そういった軍事力の一面を、日本人は評価しているか。恐らく大半の人は評価しない。全く評価しない。自衛隊は、我が国の平和を守る抑止力の働きをしてくれている。もしそうした一面があったとしても、そのことを日本人は評価しているだろうか。恐らく大半の人は積極的な評価を口にしない。
逆に、平和に反している、戦争の準備をしている、軍隊は人殺しの集団である、だから恐ろしい戦争に関係する話はやめよう、といった論調の方が好きである。
いろいろな理由があるだろう。悲惨な戦争に懲りた、平和教育のタマモノ、左翼的な新聞や出版社の世論形成。しかし、平和が来るようにと願って平安京と名付け、桓武天皇と貴族が正規軍を廃棄した頃から、日本人のマインドは全く変わっていない。それが真の理由だろう。

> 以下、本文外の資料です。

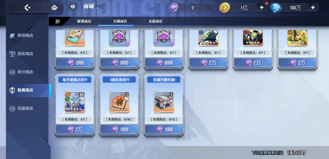 为了提高【荣耀天梯】玩法的日常收益,9月10日维护后,指挥官们每周可以在天梯商店中额外购买到【机师突破徽章】以及【扭蛋币随机箱】。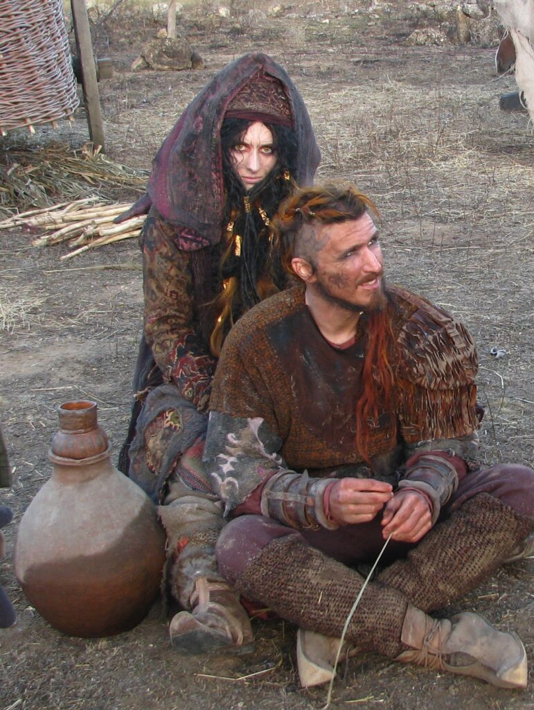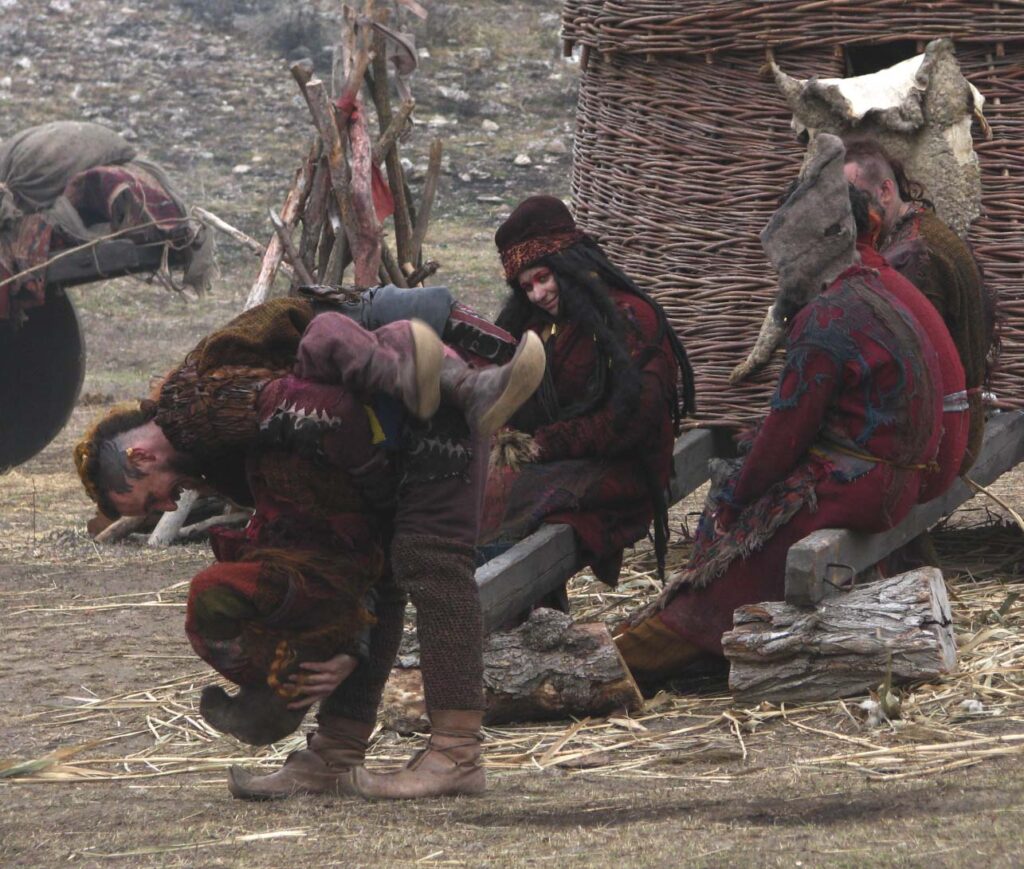 Не хочу в таком формате сравнивать. Все эти фильмы хоть и “исторические”, костюмированные, но разные по жанрам. Сходство есть разве что с “Легендой о Коловрате” в том, что и “Скиф” и “Коловрат” фильмы жанра “исторический экшн”. На этом все сходства заканчиваются. “Скиф” по жанру и атмосфере близок к классическим самурайским приключенческим боевикам, как их называют иногда – “Вестерн с катанами”. То есть, это приключенческий сюжет с крутыми мужиками, сильными поступками и радикальным решением конфликта: либо противник убивает тебя, либо ты противника. Всегда на кону Жизнь или Смерть. Снят фильм полностью в живых декорациях, с любовью к природе и живописи. Наш оператор, Дмитрий Карначик, невероятный художник. То как он смотрит на мир – восхитительно! Мне его работа напоминает картины Айвазовского. Романтика природы и персонажей. Режиссер фильма, Рустам Мосафир, обладает очень интересным ощущением этого материала, эпохи, атмосферы. Каждый из миров, в которых по ходу сюжета оказываются герои, абсолютно самобытен и наполнен своей живой атмосферой. Было очень интересно наблюдать, как со сценария все переходило в живые образы, костюмы и декорации. Так же кастинг. Целью Рустама было найти настоящих мужественных актеров, которым даже “играть в мужика” не надо. И ему это удалось на сто процентов. Каждый персонаж в фильме полностью соответствует своей роли и максимально попадает в образ. Не пройду мимо и главной женской роли – Василиса Измайлова излучает с экрана настоящую женскую силу и очарование. Было непросто найти такую актрису под такую эпоху, актрису с потрясающей естественной красотой. И в итоге все это гораздо ближе к фильмам “Конан-Варвар”, “Вальгалла: Сага о викинге”, сериалу “Викинги”, к игре “For Honor”. Некая своя вселенная со своими правилами и взаимоотношениями, поведением людей и прочими деталями, дающими погружение в атмосферу фильма. Примерно так.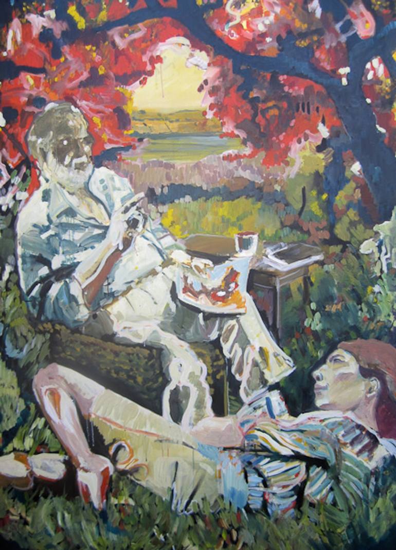 74" x 48" Painting inspired by John Fowles The Ebony Tower, source image photograph of Francis and Sophia Coppola .

つまり、戦さの準備をすると戦争を呼び込んでしまう、そういうコトダマの基本原則。戦争は殺人である、「死」である、ケガレの最たるものである、自分はケガレに触れたくない、というケガレを避ける基本的態度。
自分はケガレを避ける。戦争とか人殺しのこと、穢れたことは、アメリカと自衛隊にやらせる。アメリカ軍に基地を提供することによるアメリカの抑止力と、自衛隊の抑止力で平和が維持されているという面があっても、そのことに評価も感謝もしない。

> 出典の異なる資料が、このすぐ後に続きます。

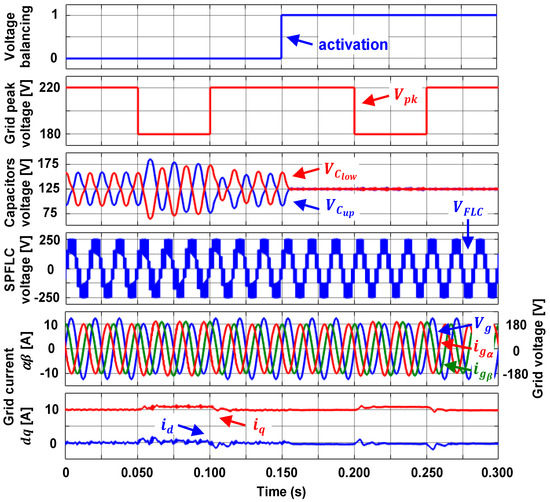 Figure 8 shows the performance of the voltage balancing strategy and the vector control for the proposed SPFLC during a grid voltage sag/swell. In this test, the peak value of the grid voltage was step-changed from 220 V to 180 V, thus representing a sag of 18%. After 50 ms, is returned back to 220 V, equivalent to a swell of around 22%. It can be observed that the voltage unbalance is inversely proportional with . However, thanks to the balancing strategy activated at = 0.15 s, the voltage unbalance is fairly well-regulated, thus accurately maintaining the voltage of split capacitors at 125 V from half the time scale. The good performance of the vector control for maintaining a constant and undisturbed grid current component during the step-changes of is noteworthy.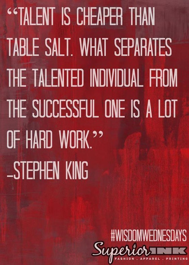 “Talent is cheaper than table salt. What separates the talented individual with the successful one is a lot of hard work.” — Stephen King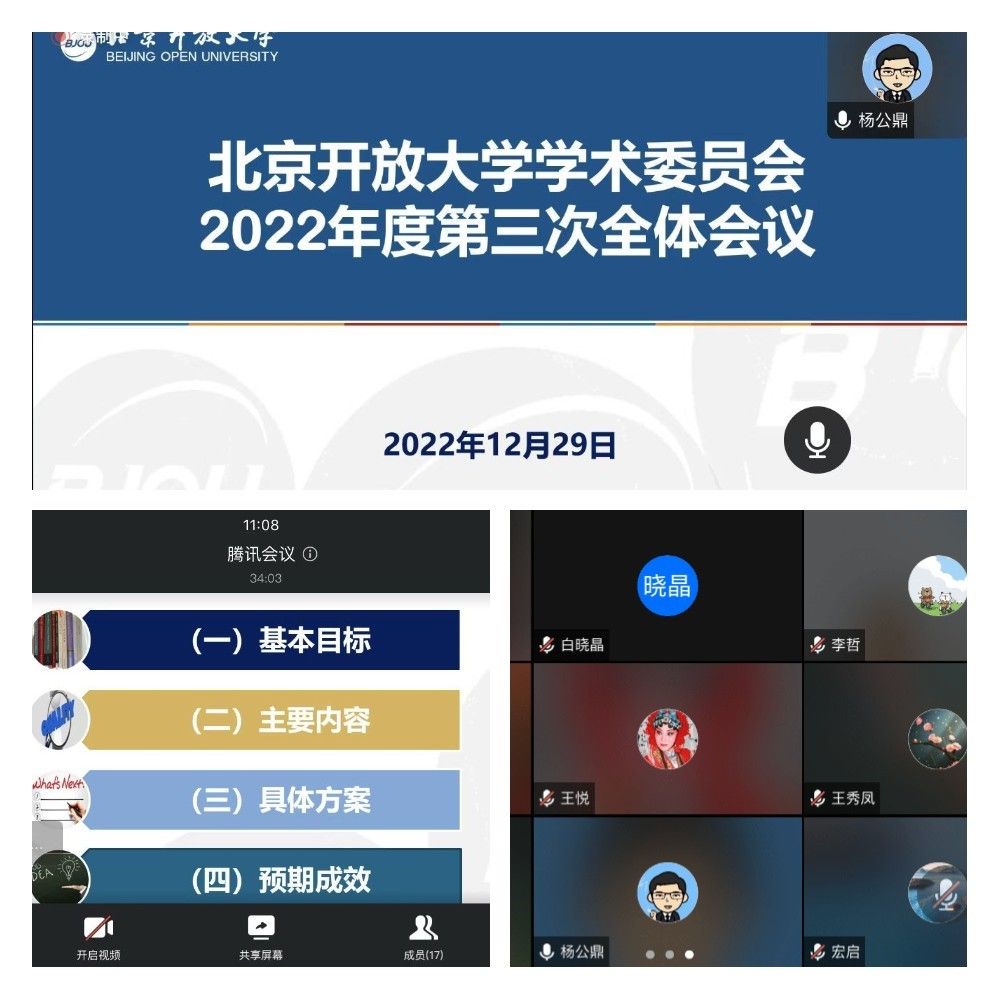 杨公鼎指出,科研部门要加强对该计划及方案的宣传,同时二级学院和学术委员们要充分发挥作用,加强鼓励引导,动员教师积极参与。他对学校工作提出几点要求:第一,建设一流开放大学是学校的发展目标,需要一流的人才、一流的成果作为支撑,“无科研不大学”,在国家教育、科技、人才融合发展、一体推进的战略框架下,学校要充分发挥科研在人才发展和成果产出中的重要驱动与支撑作用。第二,要加大对教师的支持和培育力度。首先要围绕学校发展中的重点、难点问题,在研究选题和方向上加强统筹指导;其次,要搭建平台,建设团队,充分发挥高水平人才的引领示范作用;再次,要加强培养,提供帮助,学校目前学术发展基础较为薄弱,需要进一步加强对教师的培养培训,为其提供访学、参加学术活动和学术会议的多方面支持,为其成果产出提供相关资助和奖励;此外,要对思政课建设、思政教师的发展给予重点关注和支持。第三,统筹好疫情防控和学校事业发展。步入抗疫新阶段,要准确把握当前政策要求和外部形势,加强部门间协调配合,统筹落实防控措施和年末各项工作,通过线上抓、抓线上,确保学校教育教学平稳有序推进。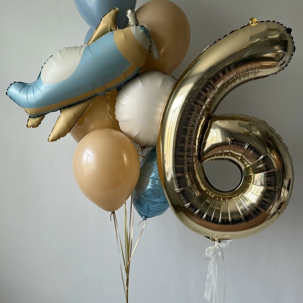 Связка из: 3 пыльно голубых Шаров 3 Шаров карамель 1 круга бежевого 1 круга голубого Самолетика Цифра светлое золото ( на выбор)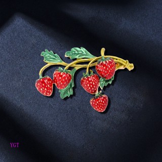 Ygt Ghim Cài Áo Tráng Men Họa Tiết Dâu Tây / Hoa / Trái Dâu Dễ Thương Dùng Để Trang Trí Nón / Khăn Cho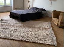 Vielseitig einsetzbar, findet dieser Ecru-Teppich leicht seinen Platz in mehreren Bereichen des Hauses. Im Wohnzimmer begrenzt er eine gemütliche Entspannungsecke; im Schlafzimmer bringt er beim Aufwachen Weichheit und Komfort; im Büro oder in einer Leseecke fügt er eine subtile dekorative Note hinzu. Er wird so zu einem dekorativen Accessoire, das ebenso praktisch wie elegant ist, um den Raum zu strukturieren.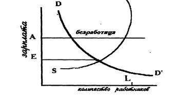 Характерной чертой рынка рабочей силы является постоянное превышение предложения рабочей силы над спросом или наличие безработицы. С рыночной точки зрения это означает, что зара6отная плата находится не в точке равновесия спроса и предложения, а выше. Графически это представляется следующим образом (рис. 1.)(2)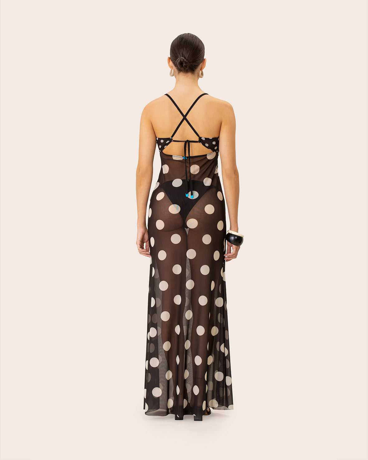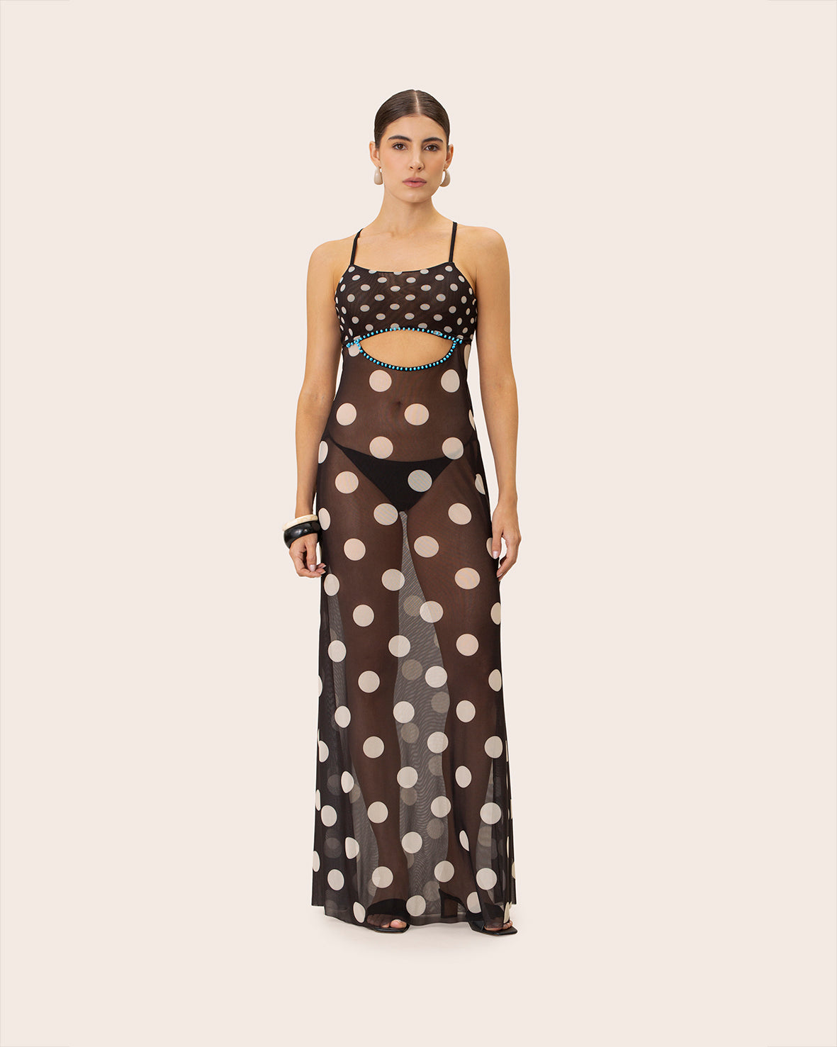 Vestido largo confeccionado en una base textil tipo mesh con un estampado de polka dots en tonos negro y butter yellow, que aporta frescura y un encanto moderno. La parte superior incorpora un detalle manual en la base de las copas, realizado por artesanas de la región, lo que añade un valor artesanal único. Su silueta está pensada para realzar cualquier look, resaltando la autenticidad y el estilo de una mujer segura, sofisticada y con personalidad propia.

かえって、人殺し集団と言って差別する。差別する側は自分が誰かを差別しているとは全く考えない。
実は、現在の我々のありようは、平安時代の貴族がとり続けて来た態度と全く変わりがない。「死」を避け、ケガレを避け、社会にとって必要なことを黙々とやってくれている人々を差別してきたことである。
ケガレ、死、差別に見る世界観の歪み
基本的に日本人は、「死」と向き合っている人々、「死」と関わっている人々を、正当には扱って来なかった。それどころか、いわれのない差別を続けてきた。それは日本人が持っている宗教感情に基づくものである。
現代でも、そういった職業の人々を評価しない傾向がずっと残っている。職業に貴賤はないと言っていながら、実際には知らず知らずのうちに差別を行なっている。

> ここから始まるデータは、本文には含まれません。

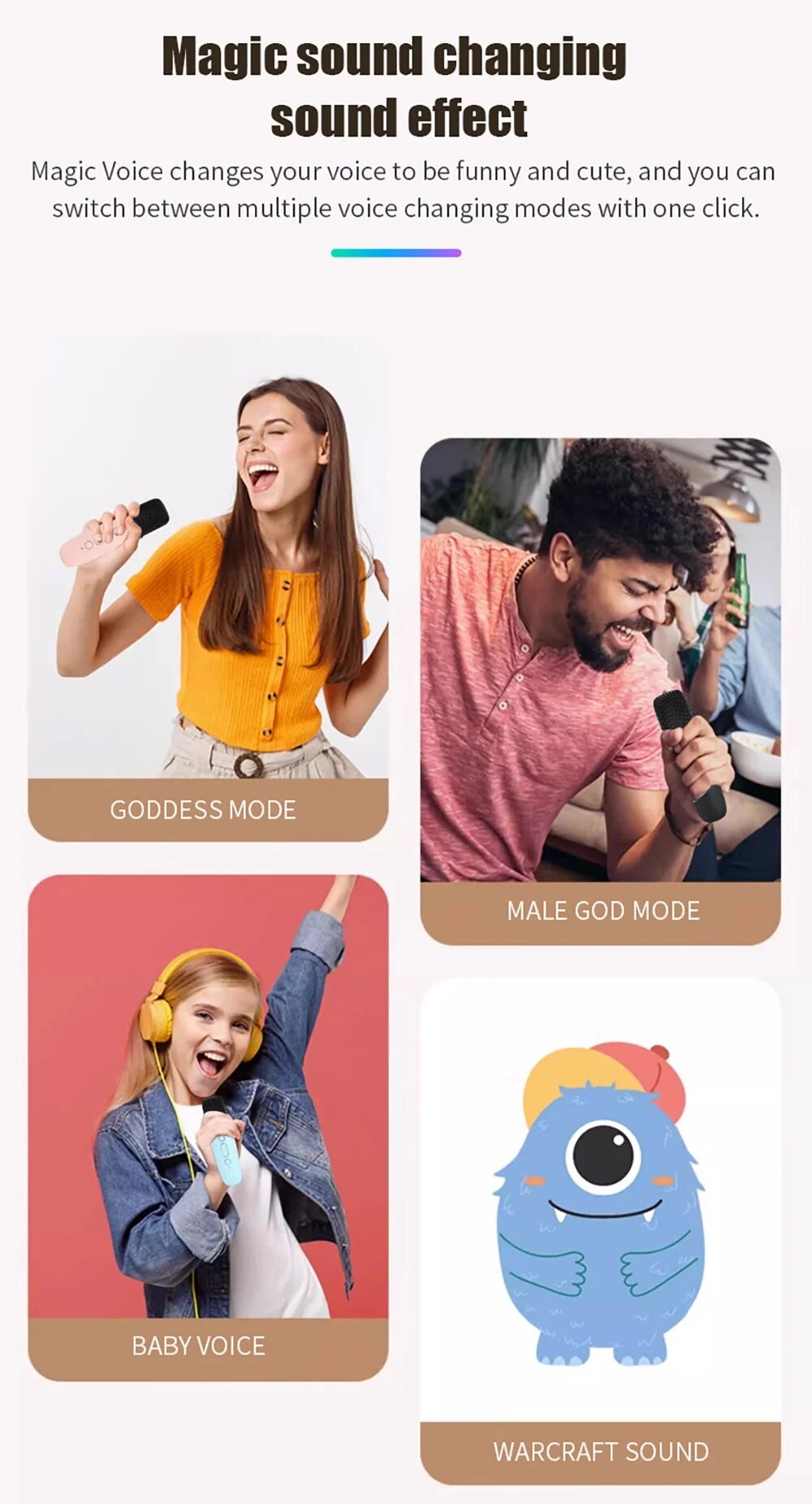 Multifonction Micro Karaoké: Micro Sans Fil équipe de 4 magiques sonores effets, changant votre accent par l'enceinte portable, c'est intéressants et amusants pour les enfants. LED lumières pulsent au rythme de la musique, créant une atmosphère sympa, KTV mode commence.

「ケガレ、死、差別」を世界大の視野で見たとしよう。その時に想像できることは、日本人の基本的な考え方に「歪み」が存在しているということである。この「歪み」こそが「日本人の奇妙さ」を特徴付けている。
そして、日本人自身は、この「歪み」についてほとんど自覚していない。この「歪み」は、日本人の宗教および宗教的感情に裏付けられたものである。何とかして「歪み」を正したほうが良いのではないだろうか。(了)
(本論「 ケガレ、死、差別」の冒頭に戻る)(マイ・アーカイブズへ)
脚注
22)城丸章夫「戦争・安保・道徳 平和教育研究ノート」あゆみ出版。
23)原子爆弾や都市無差別爆撃による非戦闘員の犠牲は、日本軍がした悪い仕業に報いた結果であって、アメリカ兵の犠牲を最小限とするためにやむを得なかった、という考えは言い訳にすぎない。非戦闘員を残酷にも大量虐殺したホロコーストであるという事実を決して正当化できるものではない。